父には、これだけの負債を自分なら返済できるという自信がありました。

しかし、造船業界の実情は、時代と共に移り変わってきており、会社に依頼される仕事の量は、ここ数年少なくなっていました。それは、コロナの影響ももちろんありますが、取引先の企業が他の大企業に買収されたために、父の会社への仕事の依頼が減っていたという側面もあったようでした。

父は、仕事がほとんどない時も、従業員の一時帰休や解雇をせず、給料を支払い続けました。

このような状況が今年の後半には改善し、何隻もの船の設計に取り組む予定であると父が言っていた矢先の、晴天の霹靂でした。

会社の残務処理については、たちまち請け負っている業務内容は、残された従業員でこなせる範囲内の内容であったので、区切りの良いところまででデータと書類を提出したものの、一社からの前払いの入金が止められておらず、どうしたものかと頭を抱えているところです。

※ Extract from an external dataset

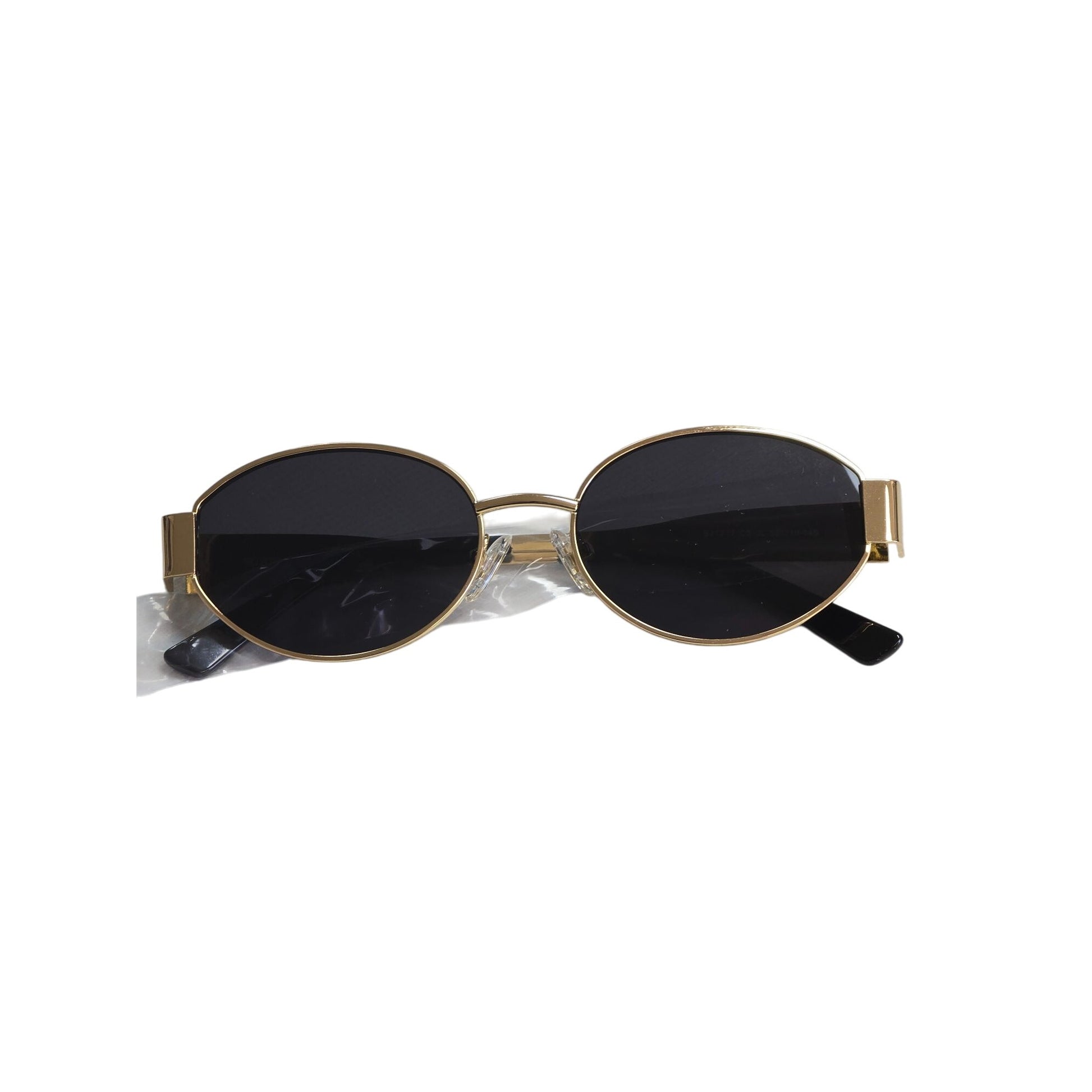 NEW Sojos Oval Sunglasses UV400 Gold Frame Black Lens Unisex SJ1217 CS

リース契約や月払いの契約で、解約できるものは解約し、残債が残っているリースなどは現在はそのままにしている状態です。

経理担当者以外の従業員は6月15日付けで解雇となり、あらゆる債務や経費の支払いは停止となっています。

私は、これらの手続きを今のところ無報酬でしているのですが、自分の仕事が後回しになっている状態で、日銭を稼ぐのにも苦慮しています。

このようなことをブログに書いたとして、誰かが助けの手を差し伸べる義務がある訳ではないですが、少しでも自分の気持ちの整理にはなるだろうかと、書き綴っています。

私はただ、母と弟とガンちゃんの生活を守るためだけに、この任務を全うしたいと願っています。

父が残した保険金の1500万円を、私が母にどのように使って貰えばいいのか、父に尋ねる術はもうありませんが、父が生前、「借金返さないかんけん保険に入っとる」と言っていたので、なるべく債権者さまのためになるように使って貰いたいと思っています。

こんな私を心理的にも経済的にも支えてくれる、嫁ぎ先の家族が私の心の拠り所です。

こんな私を、神仏が光を照らしお導きくださることを、ひたすら信じようと努めている毎日です。